それだけ聞くととても悲しい出来事のように、かわいそうなことのように思われてしまうかもしれないけれど、彼女はもう15歳で、腰は元々悪くて年々曲がってきていたし、そのせいで後ろ足はいつも引きずり気味で歩きにくそうで、でも一生懸命で、ご飯は大好き家族でいちばん食いしん坊、そしていちばんのご機嫌さんで、大往生だった。

たくさん話したし、一緒に散歩へ行き、花を見て匂いを嗅いで、すずめやカラスを見て、まだ小さい頃に鳩に近づこうとしたらバサバサと羽を羽ばたかせて逃げられてから、それ以来鳥に近づこうとはしなかったから見ているだけ、他の散歩している犬には滅多に興味を示さずに飼い主さんに撫でてもらうことがすきだった、愛でてもらうことを当たり前に思って生きていて、そしてたくさん撫でられていたからいつも毛が特に頭の毛が柔らかくて、たくさん抱っこもして、だから、後悔はしていない。そりゃあ、もうちょっと一緒にしたいこともあったし、なんにもしなくてもただ一緒にいれるだけで幸福だけど、でもものすごく自然に、彼女の死を受け入れている。


家族は、少しずつ減っていった。
最初は父親が出ていき、次に妹が一人暮らしを始めた。先にいた犬が亡くなった。家を引っ越して、母と私と犬とで暮らし、去年母も出て行ってしまった。
仕事で家を開ける時間が長くなってお留守番ばかりさせてしまってごめんねと思いながら、家にいる時はのんびりしたり、とんでもなく嫌がるのだけどシャンプーしたり爪を切ったり、爪を切ると腕が傷だらけになる。体重2キロもない小さい犬なのに蹴ったりする力はすごくて、いつも母と二人がかりで爪を切っていたのを、去年からはひとりで何とか腕に引っ掻き傷を作りながら爪切りをしていた。
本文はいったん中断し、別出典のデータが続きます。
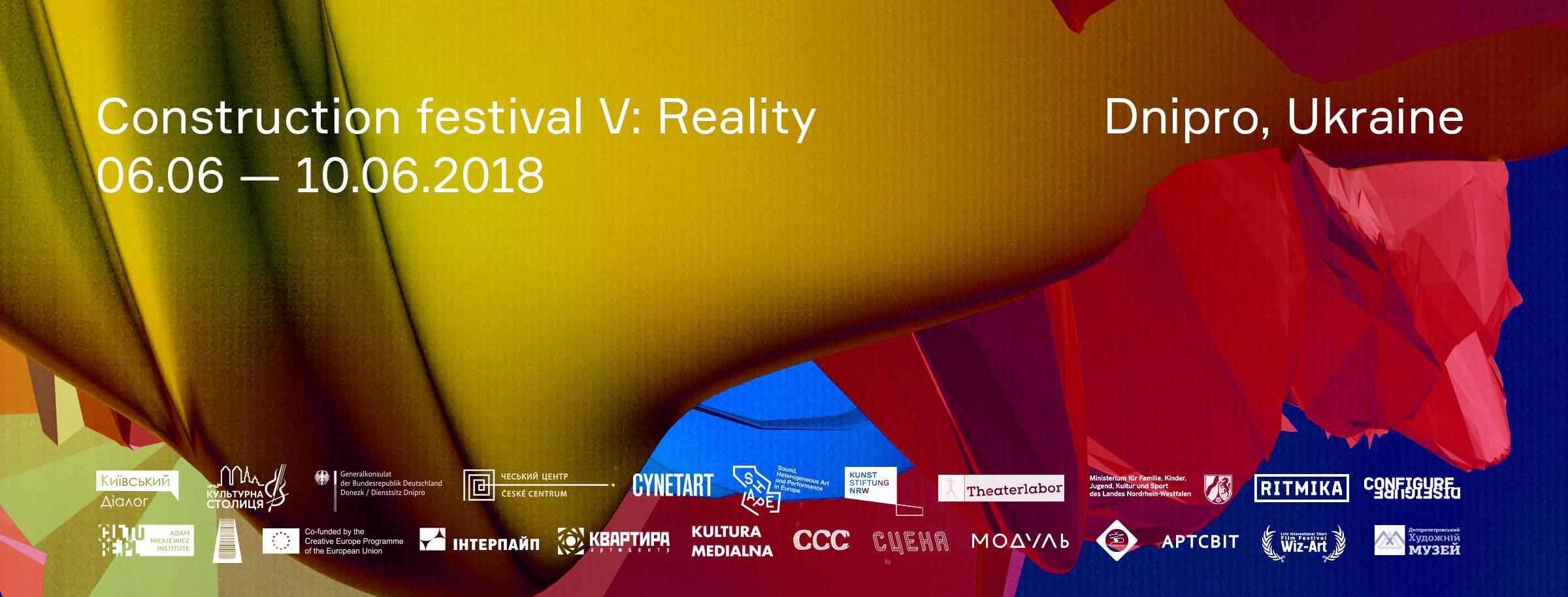 Фестиваль «Конструкция», организованный ОО «Культура медиальная», состоится при поддержке городской программы “Культурная Столица”, Генерального Консульства Германии в Донецке (офис в Днепре), Чешского центра в Киеве, Института Адама Мицкевича, CYNETART festival, Программы Креативная Европа, SHAPE platform, Киевский Диалог, НТЗ “Интерпайп”.

お年寄りだからか、ものすごく早起きになってしまって、朝は4時台から小さい声で鳴いて起こしてくる日も多々あり、寝不足の日々が続いた。私は普段6時前に起きるから、あとほんの数時間をきちんと眠れないのが本当に参ってしまう日もあって、正直母と妹に対して、私に押し付けて、と思ってしまう日もあったけれど、これが生き物を飼うということだと理解した。誰かと生きることだと理解した。

目も悪くなって、はやく動けなくなって、家中おもらしをしてまわって、それを早朝から掃除して本当に疲れてしまっても、時々怒ってしまっても、それでも本当に本当にかわいかった。


亡くなる数日前からあんなに急いで食べていた(誰もとらないのに)ご飯もほんの少ししか食べなかったり、息苦しそうにしたり、抱き上げるのすらも負担になりそうなほどぐったりとしたり、その時に、あぁ看取るのは私なんだな、と思った。そして、ほとんど介護のようだったこの1年間もぜんぶ私の役割だったんだなと思った。

家にいれる時はいるようにして、でも構いすぎずに普通に過ごそうと思って、声だけかけたり、流動食だったら食べそうだったのでチュールをあげてみたり。あれだけしんどそうだったのに、すごい勢いでチュールを食べていたのを見た時はさすがだなと思って、可笑しくて笑った。犬は、かわいいと同時に変なこともよくしていて、犬の家からものすごくはみ出して寝ていたりとか、布団からお尻が出ていたりだとか、寝言を言っていたりだとか、あまりにもありすぎてもう思い出せないけれど、犬があまりにもおもしろいのでげらげらと笑った記憶もたくさんある。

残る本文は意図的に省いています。